For Unto Us

I have always loved Christmas. Why not? It celebrates some of my favorite things: food, family, magic, snow, presents, winter, singing. Even when I was a kid, and I only understood the Christ part of Christmas on a basic level, I loved it. I think the Christ part of Christmas is something that everyone can enjoy, even if they don’t want to sign up for the whole Jesus-saves ball of wax. I remember seeing the Charlie Brown Christmas show and getting chills when Linus would say in his lispy little voice “Behold, I bring you tidings of great joy which will be for all the people.” The idea that a little baby being born can change everything, and that the tidings of great joy were for ALL the people.

For this reason, infertility was extra sucky and painful at Christmas. About two years before I got pregnant, a couple featuring a very pregnant woman got up to speak at church about how they felt about waiting for their child in the context of Advent, the season of waiting for the birth of Christ. It was one of my many painful moments, as I wondered how long my own Advent would go on.

Even as I bought it completely, I always worried about this idea that a little baby can change everything. There is nothing like the dream delayed to make you doubt the dream. Was I expecting way too much of a little baby, that if he ever got here he would “make us a family?” Family is where we find love and support, regardless of kids or biology or gender. If we couldn’t be a family without kids then we couldn’t expect kids to make us one. But still I hoped/knew there would be something on the other side and I hoped that we would be changed.

I have always loved Christmas because it’s about transformation. That one minute there is pregnant Mary, an ordinary young girl, and the next minute the sky is full of angels. A little baby inspires the thundering Handel chorus: Wonderful! Counselor! The Mighty God, the Everlasting Father, the Prince of Peace. As I have stumbled through my life with so much brokenness and baggage, I have always chased after transformation, and sometimes found it. Don’t tell me that people don’t change. I know that I have.

Now that our precious baby is here, I can say that my Christmas dream is fulfilled. My husband and I have bloomed during our son’s first year. Much has been demanded of us physically and emotionally, but we’ve always had enough and have been able to give of ourselves joyfully most of the time. We both were so scared of how hard it would be, and we both feel that it hasn’t been nearly as hard as we feared. I have felt my heart, like the Grinch’s, grow at least two sizes bigger, and seen my husband’s grow as well.

It’s true that it’s unfair to expect a little helpless baby to make us a family. But ours has. Unlike the Christ child, Daniel is not our savior; but so much has been given to us through him. The absolute needs of a newborn are so raw yet so easy to meet. We are buried completely in the needing and the holding and feeding and I find it joyful and satisfying. When I can pick him up and feel his body relax with that little contented sigh, I feel some remembered comfort from my own babyhood and I feel more grown up than I ever have. Being able to take care of another human has taught me to take better care of myself. I have cried so many times at the sight of his sweet face, so perfect and vulnerable as he sleeps. We laugh a million times a day at his babbles and stumbles and tricks. He has shown us how incredibly fortunate we were before he came, and how our time of waiting strengthened our marriage and our resolve. He shows me every day how fearfully and wonderfully we humans are made, as he crawls and touches and grows into each new phase.
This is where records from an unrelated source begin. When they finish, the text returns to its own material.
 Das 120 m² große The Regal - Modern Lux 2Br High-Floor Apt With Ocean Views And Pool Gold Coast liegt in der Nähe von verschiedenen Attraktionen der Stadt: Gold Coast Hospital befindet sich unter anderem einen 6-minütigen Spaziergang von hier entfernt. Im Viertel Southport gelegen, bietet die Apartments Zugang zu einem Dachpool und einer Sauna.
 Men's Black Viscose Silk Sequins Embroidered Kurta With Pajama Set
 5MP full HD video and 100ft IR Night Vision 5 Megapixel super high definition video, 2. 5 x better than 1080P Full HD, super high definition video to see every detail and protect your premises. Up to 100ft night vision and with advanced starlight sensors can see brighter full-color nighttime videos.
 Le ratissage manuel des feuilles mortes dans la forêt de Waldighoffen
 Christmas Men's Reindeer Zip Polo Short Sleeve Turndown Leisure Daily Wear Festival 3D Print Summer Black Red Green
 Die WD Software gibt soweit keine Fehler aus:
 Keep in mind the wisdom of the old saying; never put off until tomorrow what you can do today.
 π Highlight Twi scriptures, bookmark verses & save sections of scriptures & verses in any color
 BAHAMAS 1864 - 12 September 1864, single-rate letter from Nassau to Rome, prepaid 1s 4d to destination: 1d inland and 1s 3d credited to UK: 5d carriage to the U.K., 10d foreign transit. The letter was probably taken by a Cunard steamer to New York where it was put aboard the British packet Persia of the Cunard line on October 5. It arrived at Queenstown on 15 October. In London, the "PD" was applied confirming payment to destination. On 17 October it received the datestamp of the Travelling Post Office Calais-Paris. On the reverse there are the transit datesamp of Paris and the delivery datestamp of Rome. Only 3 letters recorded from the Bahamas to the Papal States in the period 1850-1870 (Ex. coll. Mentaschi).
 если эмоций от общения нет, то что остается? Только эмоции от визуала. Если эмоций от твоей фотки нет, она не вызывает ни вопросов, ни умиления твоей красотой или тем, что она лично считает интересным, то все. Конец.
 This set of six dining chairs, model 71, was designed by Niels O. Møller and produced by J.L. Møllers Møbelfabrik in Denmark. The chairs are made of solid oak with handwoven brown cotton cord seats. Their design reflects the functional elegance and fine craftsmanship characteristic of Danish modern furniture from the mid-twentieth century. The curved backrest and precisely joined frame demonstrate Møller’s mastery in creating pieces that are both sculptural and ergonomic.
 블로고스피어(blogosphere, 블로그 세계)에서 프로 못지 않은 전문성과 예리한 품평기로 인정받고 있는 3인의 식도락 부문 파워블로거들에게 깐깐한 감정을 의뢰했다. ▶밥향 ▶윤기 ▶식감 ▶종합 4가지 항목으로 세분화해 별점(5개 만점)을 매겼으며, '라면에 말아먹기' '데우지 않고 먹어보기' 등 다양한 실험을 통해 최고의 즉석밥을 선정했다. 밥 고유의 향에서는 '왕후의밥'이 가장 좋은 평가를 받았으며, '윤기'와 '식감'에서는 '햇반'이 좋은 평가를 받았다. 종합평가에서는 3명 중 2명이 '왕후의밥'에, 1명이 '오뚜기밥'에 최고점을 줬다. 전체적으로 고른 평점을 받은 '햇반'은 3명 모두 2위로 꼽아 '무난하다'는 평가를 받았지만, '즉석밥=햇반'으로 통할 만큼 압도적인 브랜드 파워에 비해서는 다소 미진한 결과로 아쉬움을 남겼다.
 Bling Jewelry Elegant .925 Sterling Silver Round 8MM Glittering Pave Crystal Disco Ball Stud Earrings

This was the perfect year for me to sing “Messiah” with our local symphony choir and it was my first time singing those choruses that I have loved for so long. I learned that some of them are built on dance rhythms of the time and I learned to recognize the musical contrasts between the majesty of God and the humble celebration of the people as we receive this hope of transformation. I choke up a bit when we get to “Hallelujah,” but what really gets me is “Unto Us a Child is Born.” Unto us. A son is given. He is a gift to us, not deserved, not earned, just: given. And so much more than we ever dared to hope.